Pricing of $1,000  million Senior Notes

 

Luxembourg (May 26)  Ardagh Group (“Ardagh”) has today priced an issue of $1,000 million 5.250% Senior Notes due 2027,  at 96.25, representing a yield of 5.89% (the  “Notes”). 

Net proceeds from the issuance and sale of the Notes are intended to be used to fund a tender offer to repurchase a portion of the $1,700 million 6.000% Senior Notes due 2025.    

Paul Coulson, Chairman and CEO, said “Ardagh is delighted with the continued and broad-based investor support we have received in this upsized financing, which further improves our debt maturity profile.” 

This release is for information purposes only and is not an offer to purchase, or a solicitation of an offer to purchase, any of the 6.000% Senior Notes due 2025.

 

MediaPat Walsh, Murray Consultantspwalsh@murraygroup.ie

+1 646 776 5918 / +353 87 2269345

Investors john.sheehan@ardaghgroup.com

 

Ardagh Group is a global supplier of infinitely recyclable, metal and glass packaging for the world’s leading brands.
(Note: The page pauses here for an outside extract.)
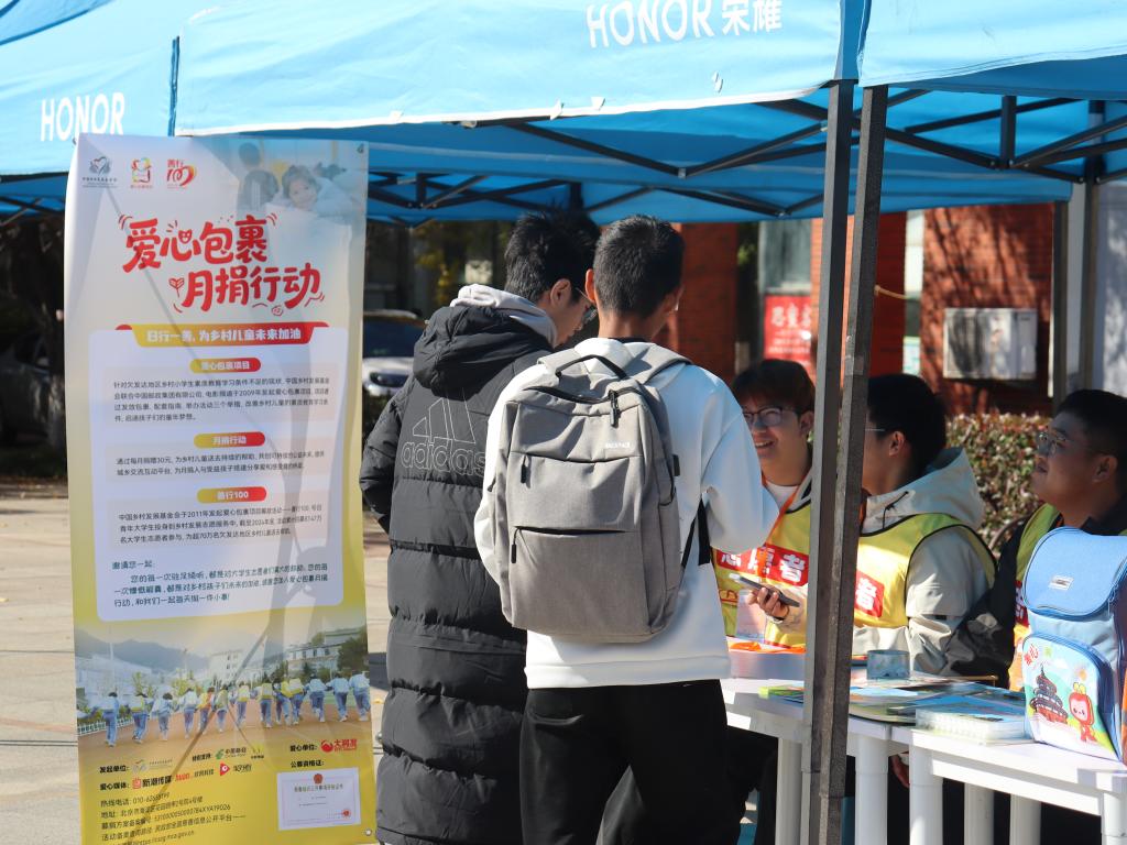 作为中国乡村发展基金会发起的知名公益项目,“善行100”始终以“以持续性教育赋能乡村儿童未来,以互动平台联结城乡情感”为核心理念,致力于为欠发达地区乡村儿童搭建成长助力平台。为让全校师生深入了解项目价值,活动现场精心布置了主题宣传展板,图文并茂地展示乡村儿童的学习生活现状与资助成效;身着统一志愿服装的同学们分工明确,通过发放定制宣传单页、循环播放公益纪实短片、开展互动游戏等丰富形式,耐心讲解项目宗旨、线上线下募捐流程及善款的具体用途,用真挚的讲述传递公益温度,用热情的行动发出爱心邀约。

Ardagh operates more than 50 metal and glass production facilities in 12 countries across three continents, employing over 16,000 people with sales of $6.7bn.

The offering of the Notes will be made pursuant to an exemption under the Prospectus Regulation, as implemented in Member States of the European Economic Area, from the requirement to produce a prospectus for offers of securities. This announcement does not constitute an advertisement for the purposes of the Prospectus Regulation.
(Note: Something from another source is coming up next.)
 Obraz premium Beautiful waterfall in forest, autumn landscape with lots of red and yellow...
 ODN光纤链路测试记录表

The Notes have not been registered under the U.S. Securities Act of 1933, as amended, or any U.S. State security laws. Accordingly, the Notes are being offered and sold in the United States only to qualified institutional buyers in accordance with Rule 144A under the U.S. Securities Act of 1933 and outside the United States in accordance with Regulation S under the U.S. Securities Act of 1933. This announcement does not constitute an offer to sell or the solicitation of an offer to buy any securities, nor will there be any sale of securities referred to in this announcement, in any jurisdiction, including the United States, in which such offer, solicitation or sale would be unlawful prior to registration or qualification under the securities laws of such jurisdiction. Securities may not be offered or sold in the United States absent registration under the U.S. Securities Act of 1933, or an exemption from registration.

 

Exhibit 99.2

MiFID II professionals/ECPs-only/No PRIIPs KID – Manufacturer target market (MIFID II product governance) is eligible counterparties and professional clients only (all distribution channels). No PRIIPs key information document (KID) has been prepared as not available to retail in EEA.

 

The documentation detailing the investment or investment activity to which this press release relates has not been approved by an authorized person in the United Kingdom and is for distribution only to persons who (i) have professional experience in matters relating to investments falling within Article 19(5) of the UK Financial Services and Markets Act 2000 (Financial Promotion) Order 2005, as amended (the “Financial Promotion Order”), (ii) are persons falling within Articles 49(2)(a) to (d) (high net worth companies, unincorporated associations, etc.) of the Financial Promotion Order, (iii) are outside the United Kingdom or (iv) are persons to whom an invitation or inducement to engage in investment activity within the meaning of Section 21 of the UK Financial Services and Markets Act 2000 in connection with the issue or sale of any securities may otherwise lawfully be communicated or caused to be communicated (all such persons together being referred to as “relevant persons”). The documentation detailing the investment or investment activity is directed only at relevant persons and must not be acted on or relied on by persons who are not relevant persons. Any investment or investment activity to which this press release relates is available only to relevant persons and will be engaged in only with relevant persons.